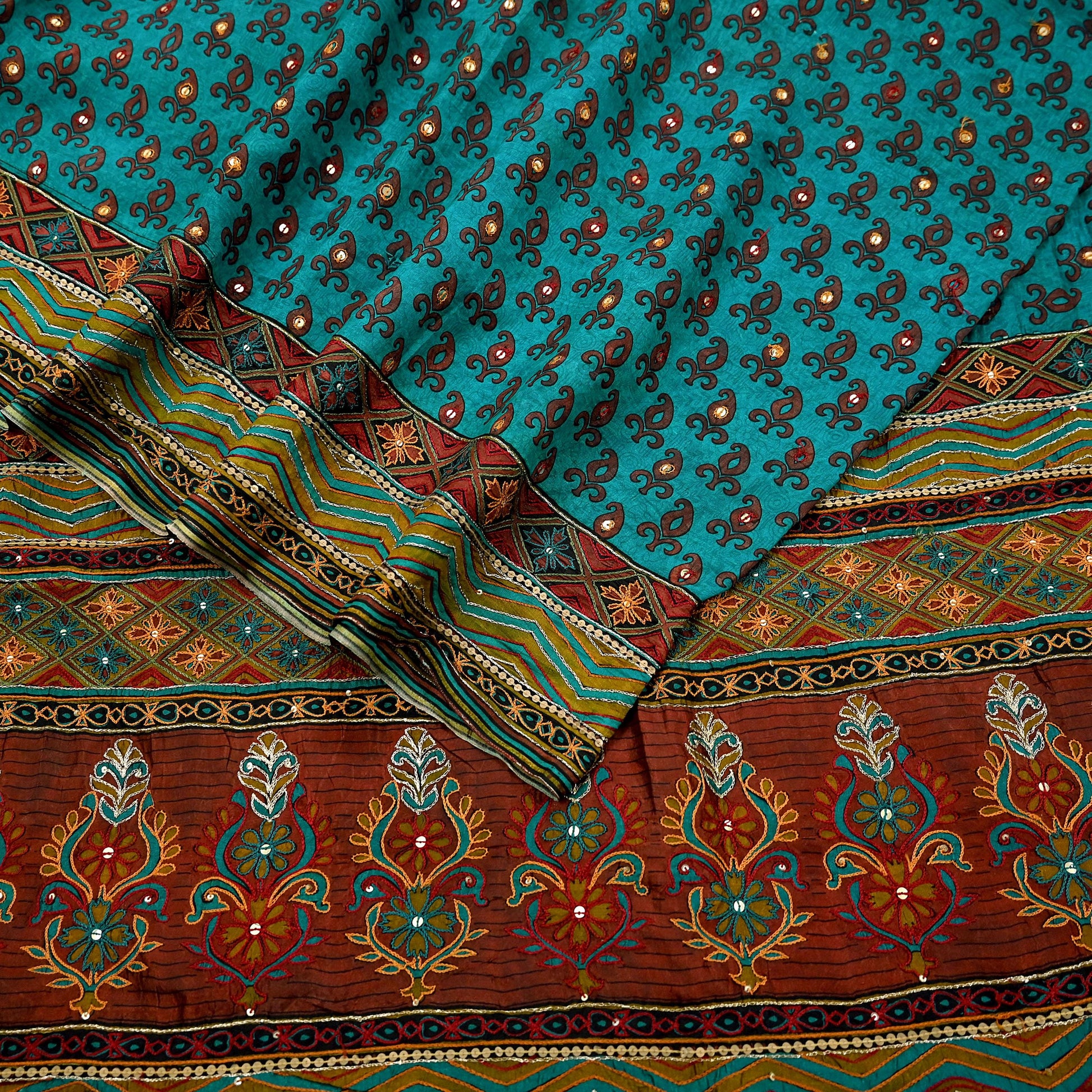 Indian Vintage Sari Green Pure Silk Hand Embroidered Sarees 5Yd Craft Fabric Sewing soft Quilting Crafting Upcycle Ethnic Bollywood sarees
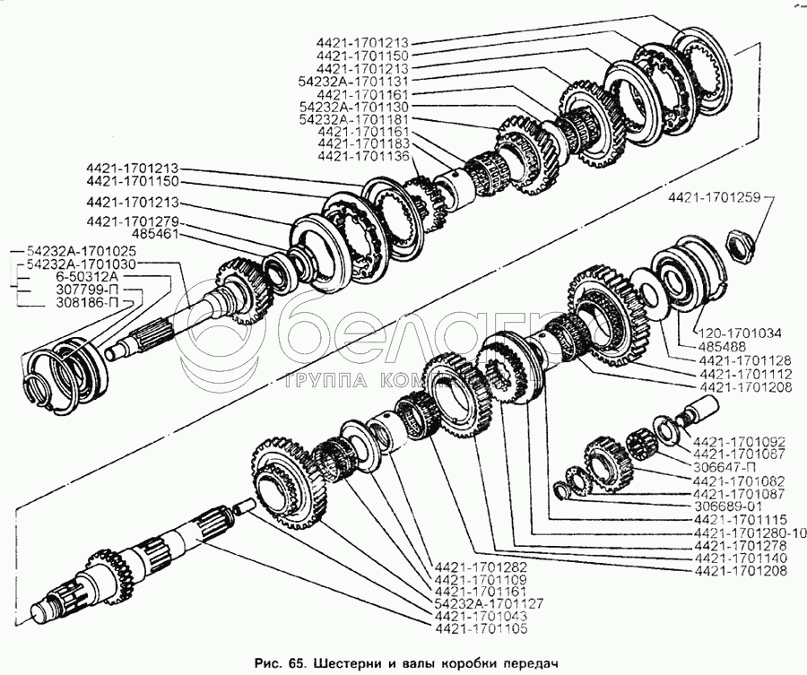 Каталог запасных частей к технике: ЗИЛ-133Д42. Шестерни и валы коробки передач
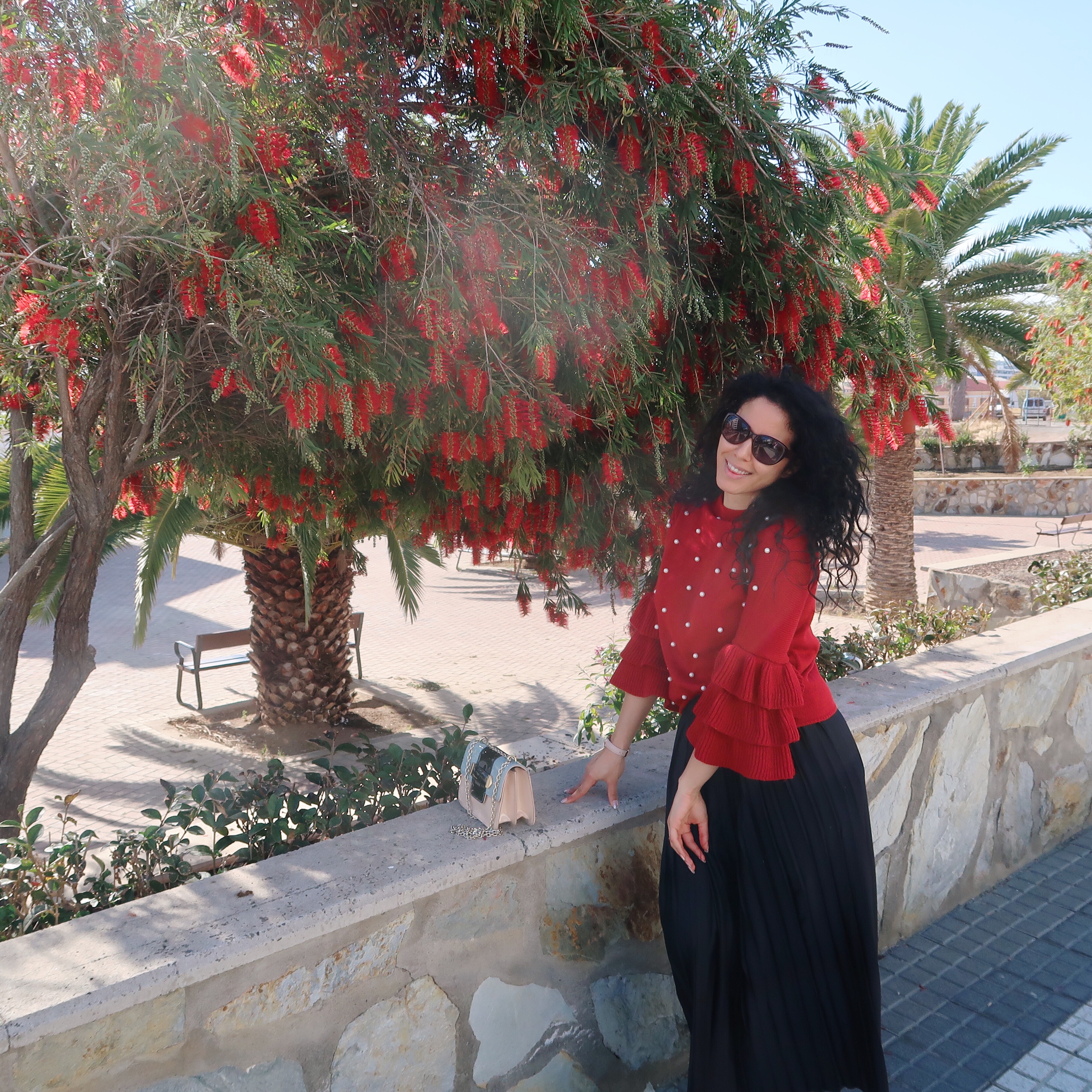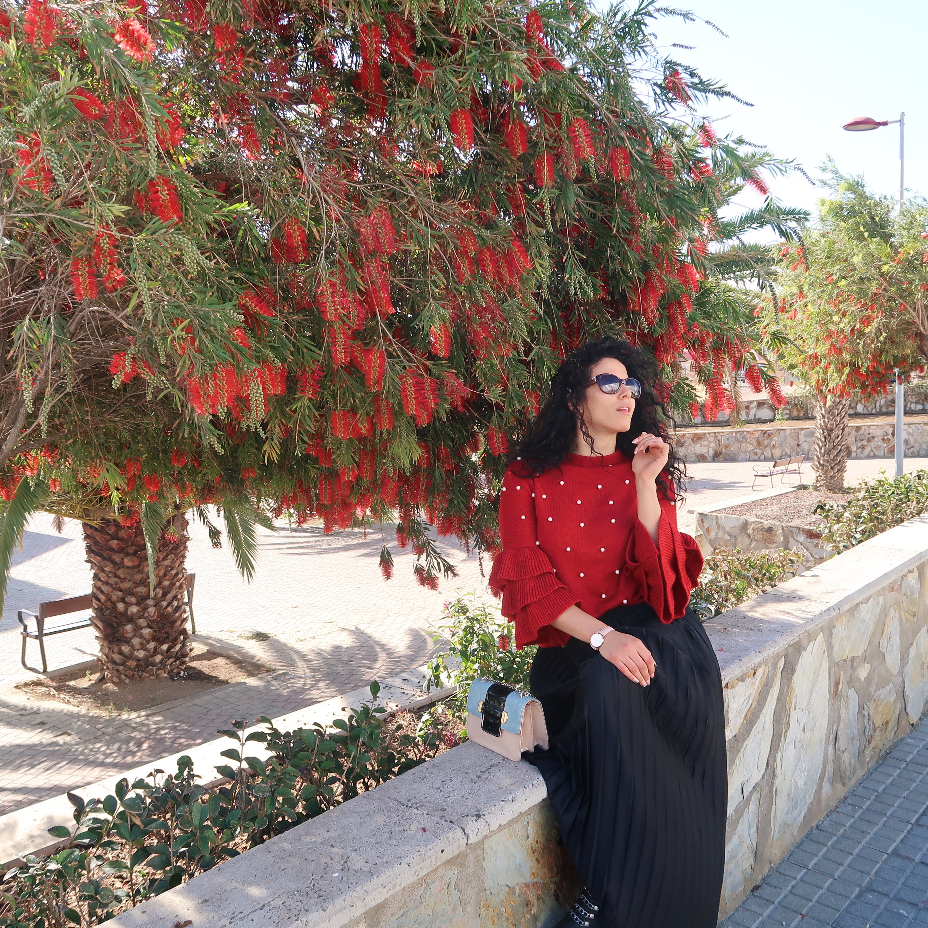 Ma questa volta sono stata previdente perché la brezza c’era e anche qualche raggio qua e la ma climaticamente parlando sono stata a mio agio! Per il mio look casual primavera 2018 ho abbinato questo maglione rosso/bordeaux arricchito con perle e maniche a campana con una gonna lunga plissettata in prezioso raso. La verità è che non è prezioso, ma il raso riesce sempre a dare quell’allure di preziosità al capo. Dimmi che non sono l’unica a pensarlo…
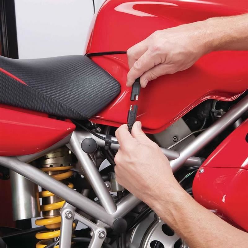 Incarcatorul este echipat cu un cablu de conectare cu un conector tip SAE de 1.2 m, doua cabluri de incarcare conectabile de 0.4 m si trei sigurante.
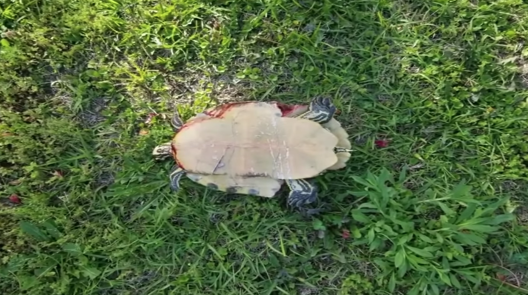 ▼烏龜可能是經擠壓彈射後,不幸飛向John的車。
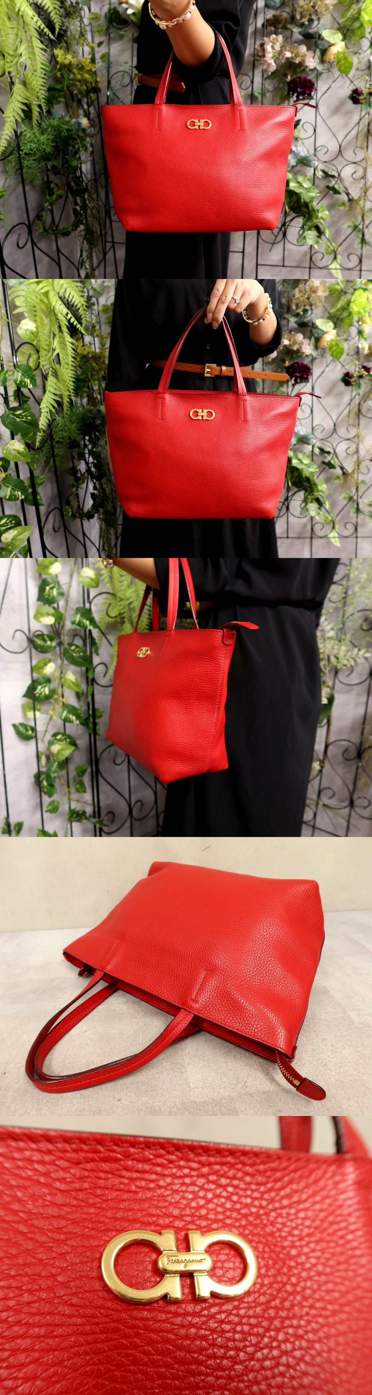 ●超美品●Salvatore Ferragamo フェラガモ●ダブルガンチーニ●カーフ レザー 本革●トート ハンド バッグ●赤●G金具●B5 収納●Js61429 收藏
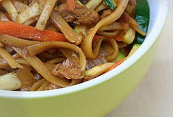 Dans un wok faire revenir le poulet dans l'huile d'arachide avec une pincée de sel, du poivre et le sucre. Lorsque les morceaux sont dorés, ajouter les haricots coupés en morceaux, le chou, les carottes en bâtonnets et faire revenir quelques instants. Enfin ajouter les vermicelles et les crevettes égouttées, arroser avec les deux sauce soja et couvrir. Laisser cuire à feu doux en remuant de temps à autres. En fin de cuisson, avant de servir, ajouter la coriandre hachée.
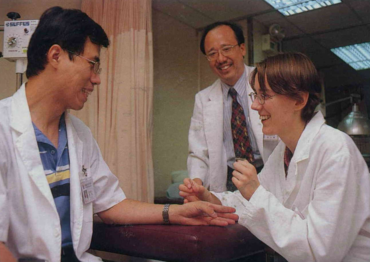 十年前,國科會也對當時民間盛行的氣功好奇,召集國內科學家進行研究,崔玖和陳國鎮都在研究者之列,陳國鎮因此有機會結識也在陽明醫學院任教的崔玖,他還記得初次見面,她在陽明醫學院用穴診儀替他作全身檢查,「在三個多小時裡面,崔教授把我從小到當時的許多身體狀況都指出來,讓我對這套儀器發生極大的興趣,從此就一頭栽進這個研究中。」
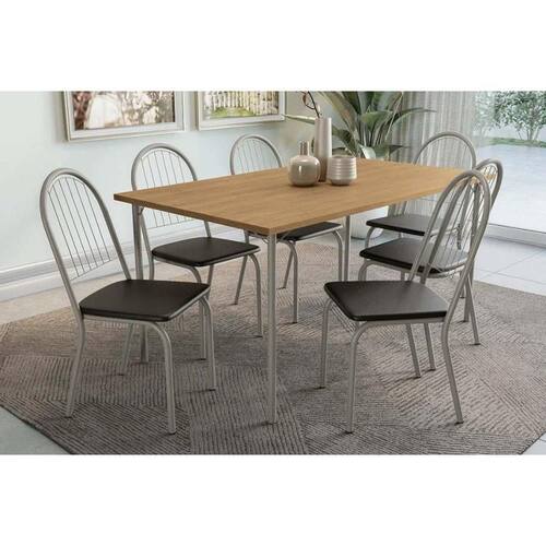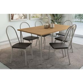 Sala de Jantar Completa Sena Tampo Madeirado 90x160cm e 6 Cadeiras Noruega Niquel/Nogueira - Preto - Kappesberg Abaixo segue os produtos do KIT: Sala de Jantar Completa Sena Tampo Madeirado 90x160cm e 6 Cadeiras Noruega Niquel/Nogueira - Preto - Kappesberg
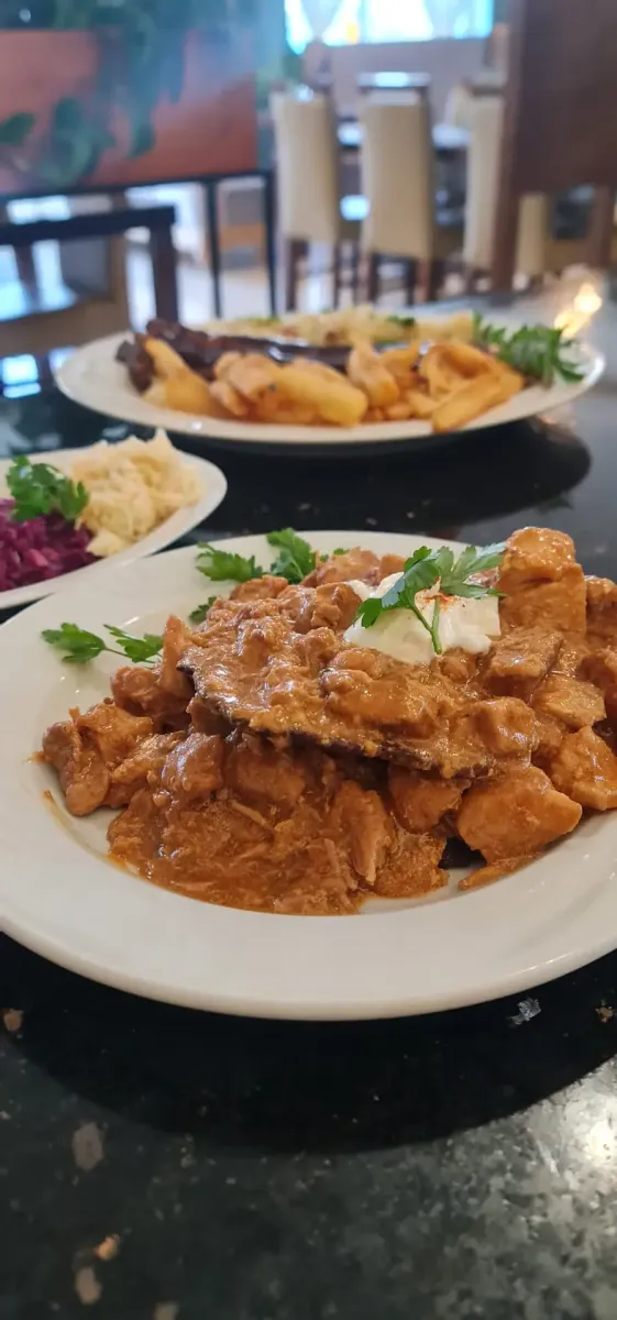 „Korzystaliśmy z restauracji w ramach obiadu urodzinowego. Jedzenie jest przepyszne, porcje bardzo solidne i estetycznie podane. Szczególnie mogę polecić „Danie Szefa”, które zamówiłem.”
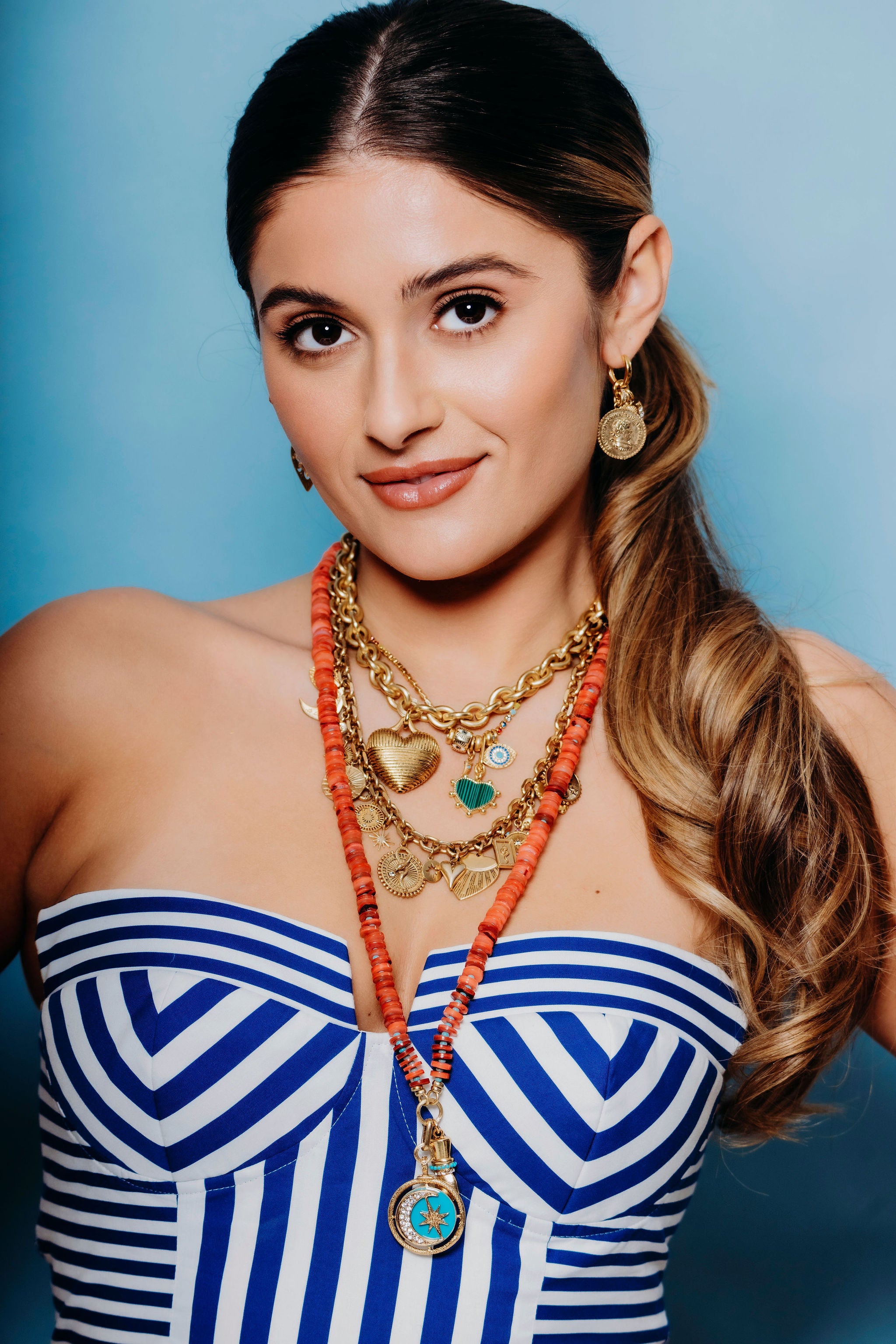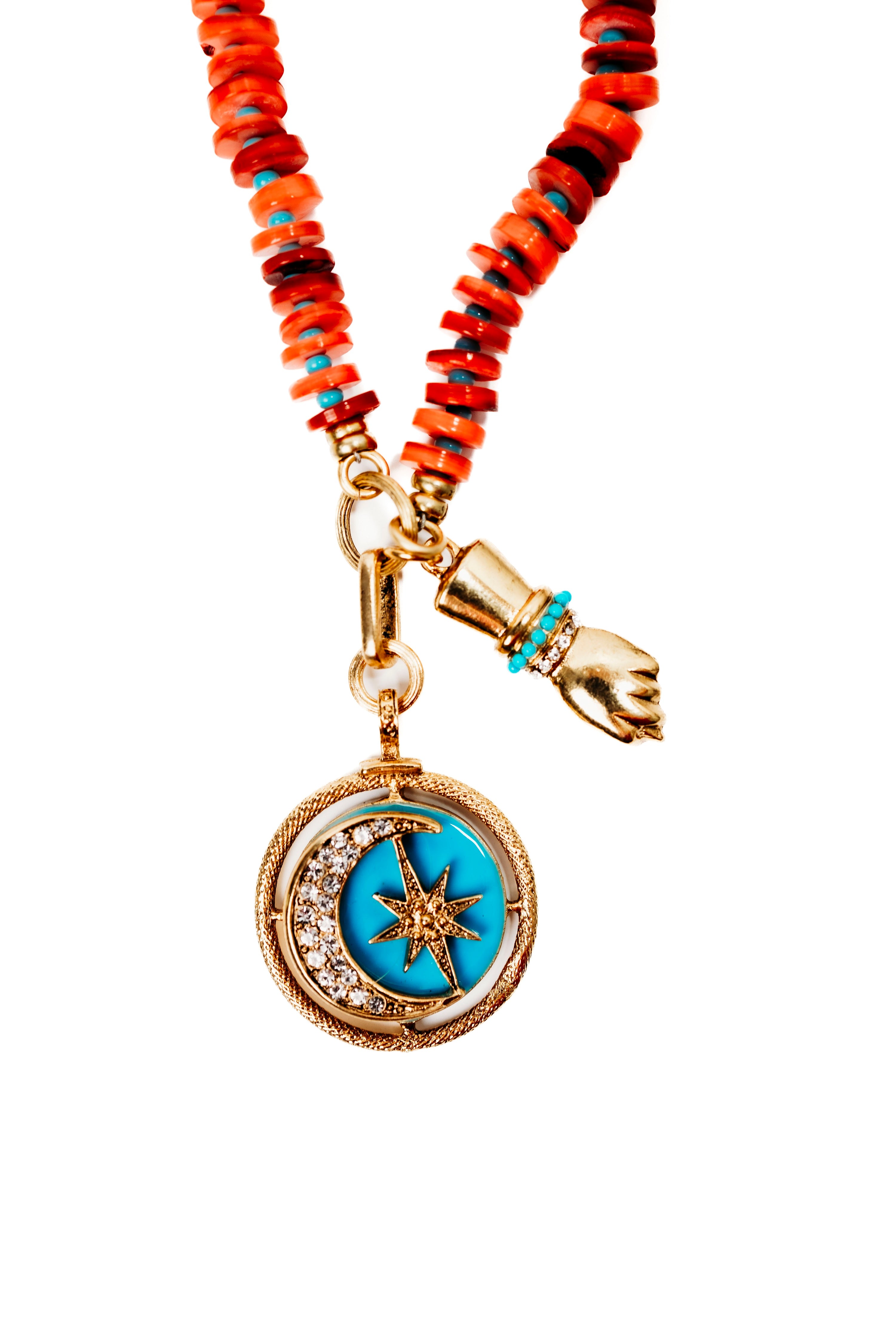 The Lunaria Necklace invites you to wear the wonder of the night sky. Strung with warm red coral heishi disc beads and delicate faux turquoise spacers, this piece radiates natural beauty and bohemian charm. The centerpiece features a turquoise enamel crescent moon and star charm, elegantly encrusted with crystals that catch the light with every movement. Accompanied by a protective figa charm, this necklace combines celestial symbolism with meaningful intention. A versatile design that works beautifully on its own or layered with your favorite pieces, the Lunaria Necklace is your everyday reminder to embrace magic and possibility.24K Gold Plated. Swarovski Crystals. Lobster Claw Closure. Proudly handcrafted in the U.S.A

- - - - -

Work required →
Above are the records; copy exactly the lines from the one with "Incarcatorul este echipat" through the one with "Dans un wok", including both, and nothing more. Leave out pictures.

Answer space →
 Incarcatorul este echipat cu un cablu de conectare cu un conector tip SAE de 1.2 m, doua cabluri de incarcare conectabile de 0.4 m si trei sigurante.
 ▼烏龜可能是經擠壓彈射後,不幸飛向John的車。
 ●超美品●Salvatore Ferragamo フェラガモ●ダブルガンチーニ●カーフ レザー 本革●トート ハンド バッグ●赤●G金具●B5 収納●Js61429 收藏
 Dans un wok faire revenir le poulet dans l'huile d'arachide avec une pincée de sel, du poivre et le sucre. Lorsque les morceaux sont dorés, ajouter les haricots coupés en morceaux, le chou, les carottes en bâtonnets et faire revenir quelques instants. Enfin ajouter les vermicelles et les crevettes égouttées, arroser avec les deux sauce soja et couvrir. Laisser cuire à feu doux en remuant de temps à autres. En fin de cuisson, avant de servir, ajouter la coriandre hachée.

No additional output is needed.